Comme l’a très bien souligné notre rapporteur pour avis Colette Mélot, le jeu vidéo, en particulier, est devenu la première industrie culturelle du pays. Si nous ne voulons pas qu’elle se délocalise, nous devrions mieux accompagner cette industrie que nous ne le faisons aujourd’hui. Certes, la baisse du seuil d’éligibilité au fonds d’aide au jeu vidéo constitue un premier pas, mais le groupe du travail sur les jeux vidéo du Sénat avait formulé d’autres recommandations, qui mériteraient d’être suivies.

Je conclurai sur cette question des industries culturelles en dénonçant le traitement inadmissible que le présent projet de loi de finances réserve à la HADOPI. Alors que le transfert des activités de cette institution au Conseil supérieur de l’audiovisuel ne semble plus à l’ordre du jour, le montant de la subvention qui lui est accordée menace la conduite de ses missions.

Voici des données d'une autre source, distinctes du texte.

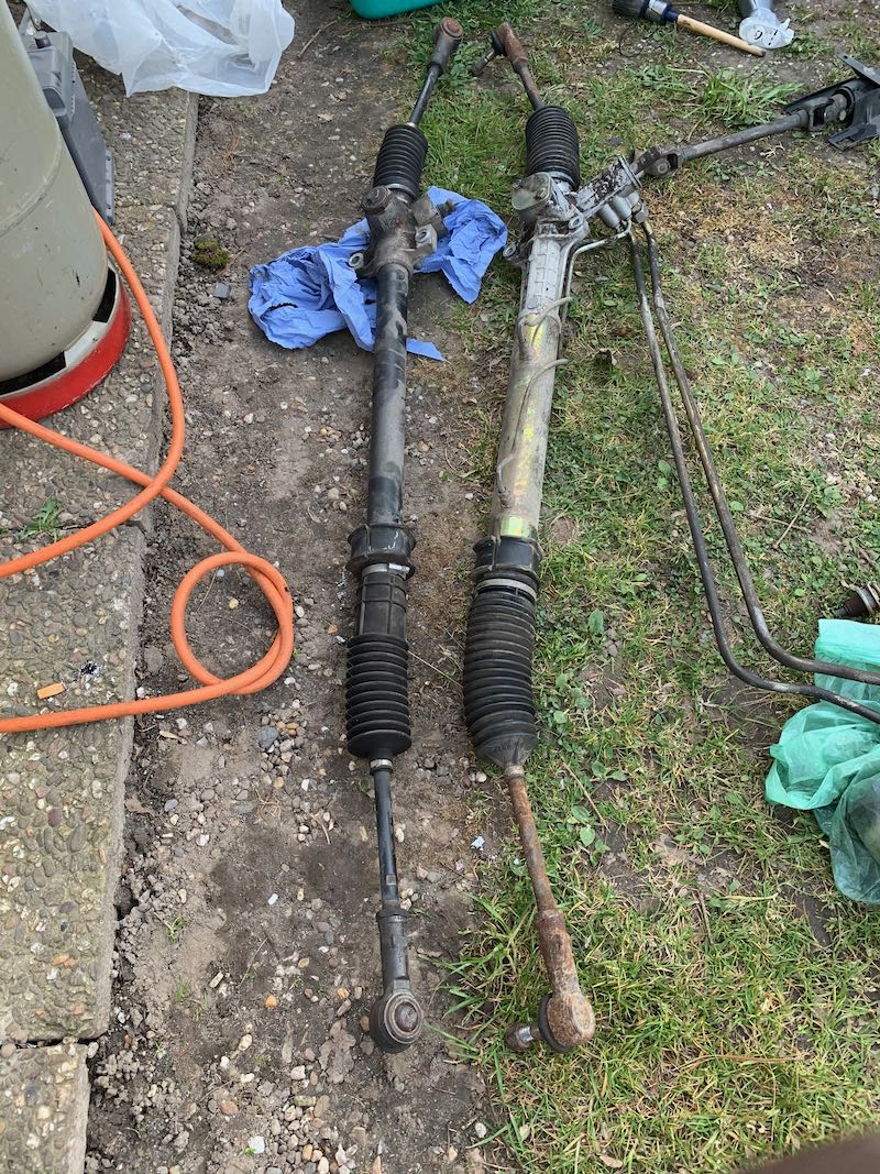 Also Tankbefüllrohr und Entlüftungen ausbauen (Ist auch besser, um die Innenkotflügel zu konservieren), Auspuff abbauen, Getriebehalter und einiges mehr ausbauen. Ob es dann klappt, weiss ich noch nicht, denn: Ich habe dann bemerkt, das im Faltenbalg links ATF Öl ist, also undicht. So n halbes Schnapsglas.. Mist, also entweder alles fertig einbauen und gucken, wie es sich entwickelt, oder nach nem AT Lenkgetriebe gucken, damit man nicht nochmal alles ausbauen muß. Lenkgetriebe bei Axel Augustin 1000€ im Austausch. Unsere Zulieferhändler konnten nicht liefern auf unbestimmte Zeit und waren ungefähr bei der Hälfte. Dann im Internet recherchiert und eins gefunden für 269€ bei Bandel Automobiltechik. Ich hoffe das kann was, ist bestellt.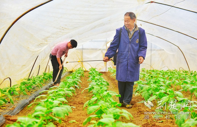 作为全县优秀基层党务工作者的宁自忠,始终坚持党建引领,采取“种植合作社+村集体经济+脱贫户”的经营模式,发展特色产业,助力乡村振兴。在本村五组进行土地集中流转改革试点,从村民手中流转土地110亩,建成规格统一,功能齐全,远程控制的钢架大棚40座。引导村民调优种植品种,种植迷你黄瓜、小香芹等附加值高的绿色蔬菜,提升种植效益。同时安装滴灌设备,灌区面积达300亩以上,建设机耕路2560米大棚,使蔬菜增产增量,方便村民采购运输。目前,全村种植户417户,蔬菜大棚1872个,每棚平均年纯利润9000多元,主要种植西红柿、辣椒、茄子、芹菜等品种,年产蔬菜6000余吨,年产值2000余万元,成为供应孝昌县城以及孝感、武汉等农贸市场的“菜篮子”。
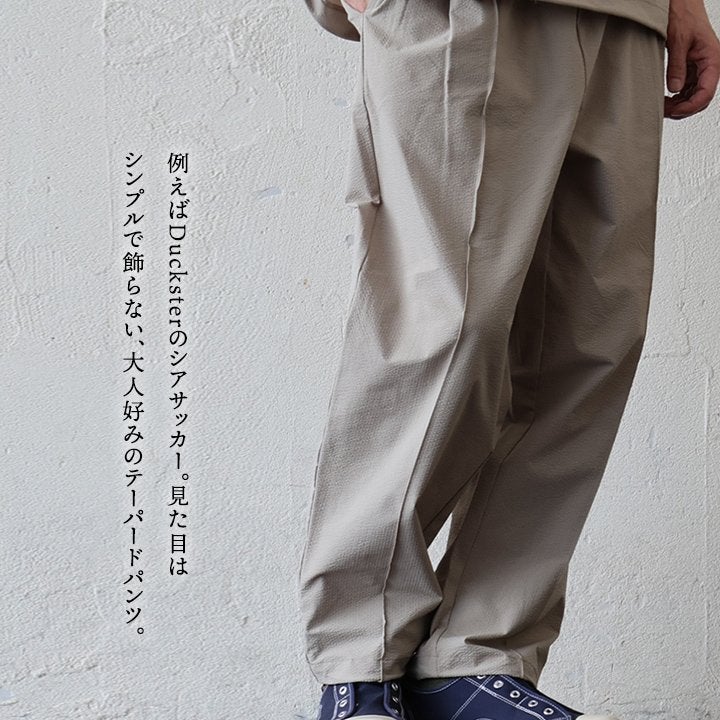 他の画像を見る 動ける。暑くなりにくい。ベタつかない。 Duckster ダックスター パンツ テーパード レディース メンズ シアサッカー ストレッチ 遮熱 速乾 裾 絞れる イージーパンツ ウエストゴム 紐 カジュアル シンプル 無地 夏 涼しい 軽い パティ 2~3日でお届け 販売価格 ¥ 6,490 税込 在庫切れ 詳細を見る お気に入りに登録する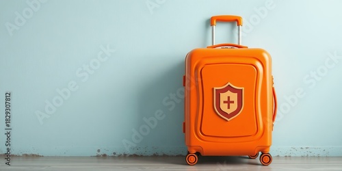 An orange suitcase with a shield and plus sign symbolizes travel insurance and protection against unexpected events du a trip, standing against a blue wall.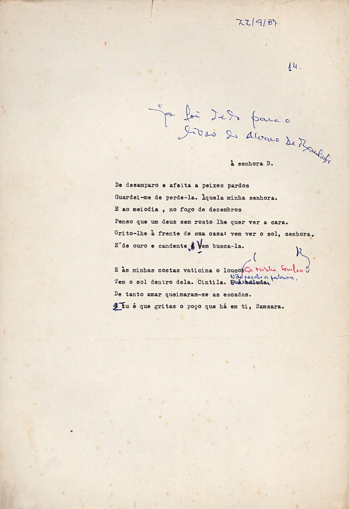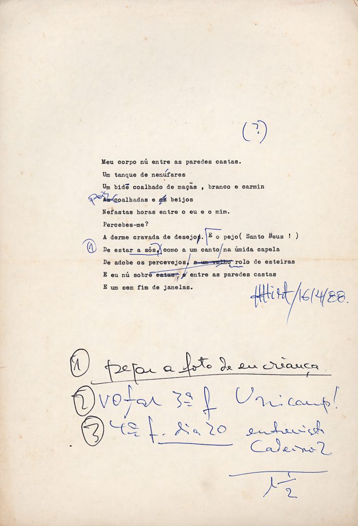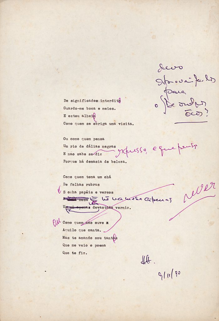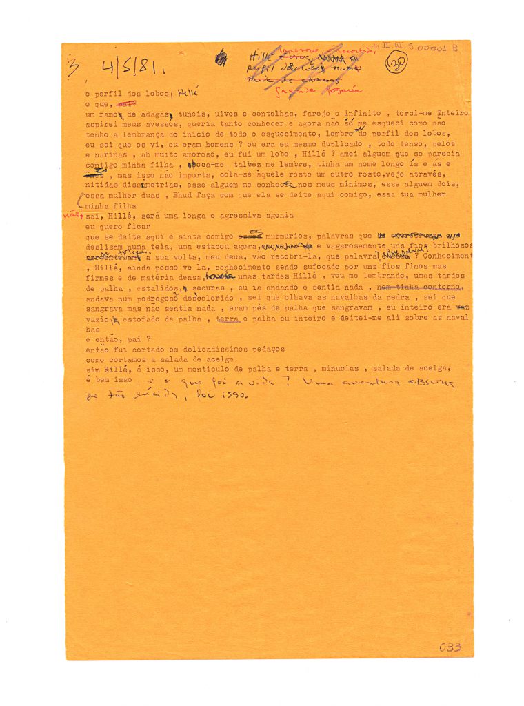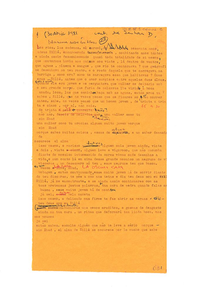 Esta seção é um vislumbre dessa disciplina, por meio de versões prévias dos livros publicados e de anotações em agendas. A obra de Hilda “sendo” produzida.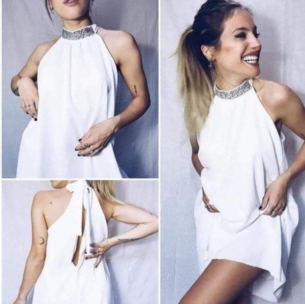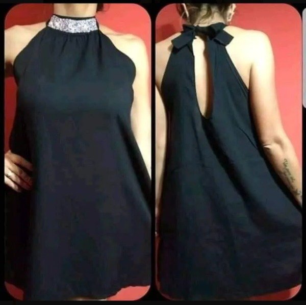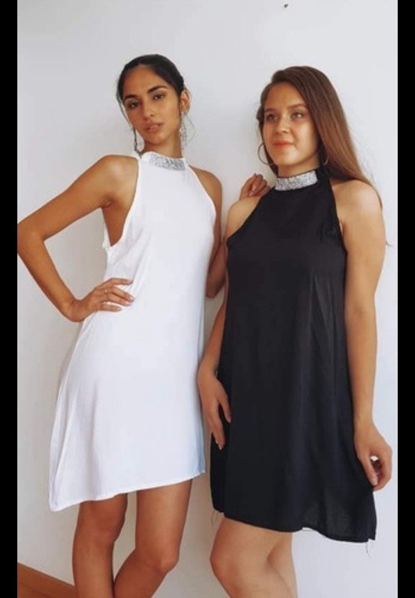 Vestidos de fibrana cuello Mao con strass y lazo para ajustar talles del 1 al 5 colores negro y blanco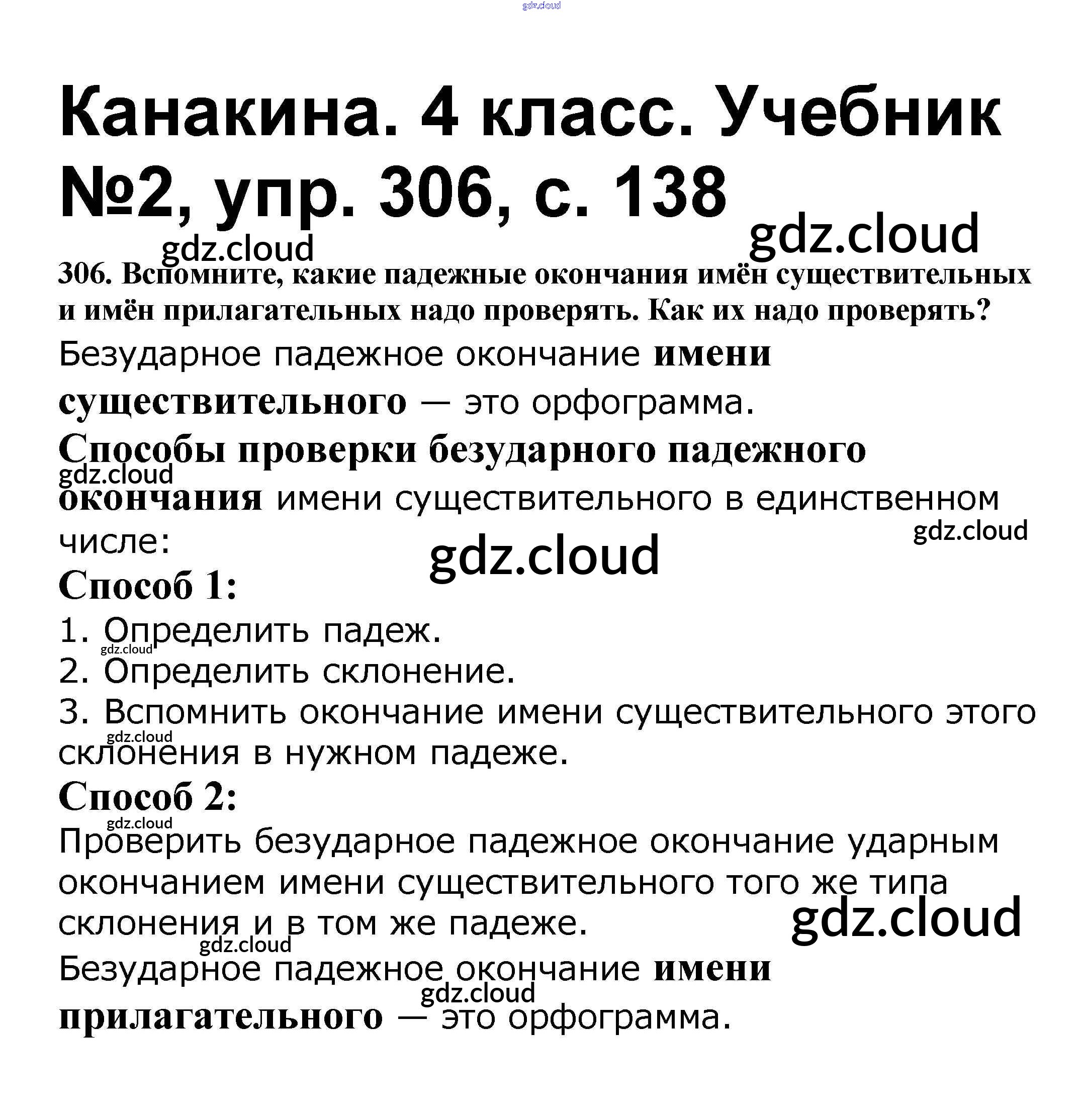 Ответ на задание 306 Учебник Русский язык за 4 (четвертый) класс Канакина, Горецкий Школа России 2015 Часть 1, 2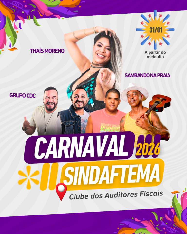VEM AÍ! Carnaval Sindaftema 2026! Dia 31/01, no Clube dos Auditores Fiscais.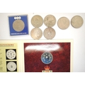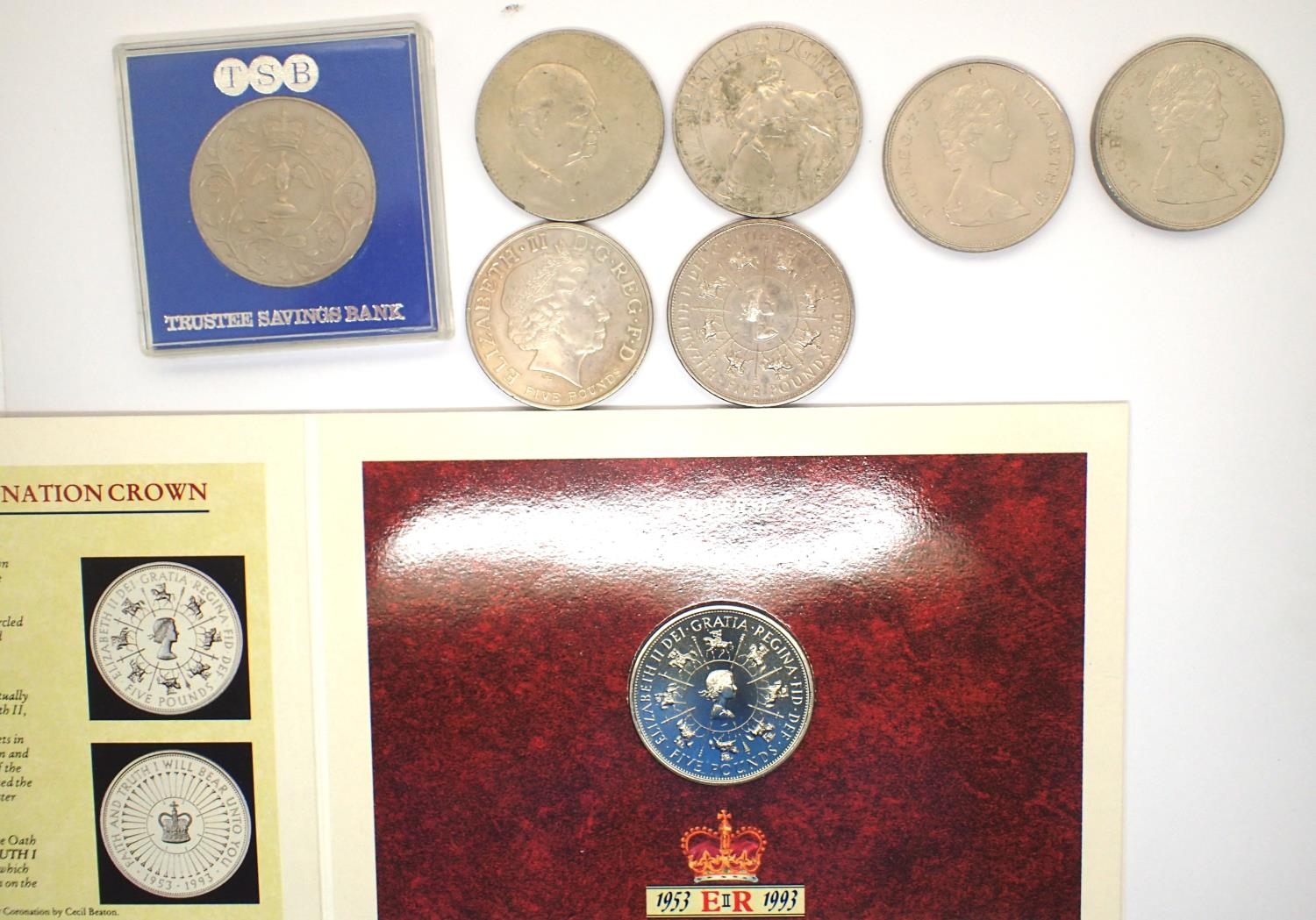 Boxed Queen Elizabeth II 40th Anniversary Coronation crown, two £5 crowns and others. P&P Group 1 (£14+VAT for the first lot and £1+VAT for subsequent lots)

Il manque aujourd’hui quelque 1,5 million d’euros à l’institution, qui ne peut plus puiser dans son fonds de roulement. Ce traitement s’apparente à une tentative d’asphyxie budgétaire, ce qui est inacceptable : si le Gouvernement veut supprimer la HADOPI, qu’il le fasse ! En revanche, tant qu’elle existe, cette institution doit disposer des moyens nécessaires à son fonctionnement.

Au fond, le traitement de la HADOPI n’est pas si surprenant : c’est un symptôme caricatural de ce que j’évoquais au début de mon intervention : l’incapacité du présent budget à faire des choix politiques clairs. (Applaudissements sur les travées de l'UDI-UC et de l'UMP.)

M. le président. La parole est à Mme Corinne Bouchoux.

Mme Corinne Bouchoux. Monsieur le président, madame la ministre, mes chers collègues, traiter en six minutes des crédits de la mission « Médias, livre et industries culturelles » est assurément un défi et frôle la « mission impossible ». Nous saluons la légère hausse du budget, chiffrée à 0,43 %, qui permettra de préserver, autant que possible, les éléments essentiels que sont le soutien à la lecture, le soutien au secteur du livre, les aides à la presse, à l’Agence France Presse et à l’audiovisuel public.

N’oublions pas cependant qu’il faut poursuivre la réorganisation des aides à l’audiovisuel public, afin de mieux soutenir ce secteur face aux enjeux qu’il rencontre. Nous devons mener une réflexion plus générale sur la question de l’adaptation du financement des industries culturelles à la révolution numérique. Dans ce contexte, nous devons également prêter une attention particulière à ce que les médias indépendants ne disparaissent pas au profit de grands groupes audiovisuels. Or le pluralisme est gravement en danger en France.

Concernant les crédits dédiés à l’audiovisuel public, et comme l’a souvent rappelé en commission notre collègue André Gattolin avant de rejoindre la commission des finances, nous devons de nouveau demander à France Télévisions de réaliser de vrais efforts de gestion.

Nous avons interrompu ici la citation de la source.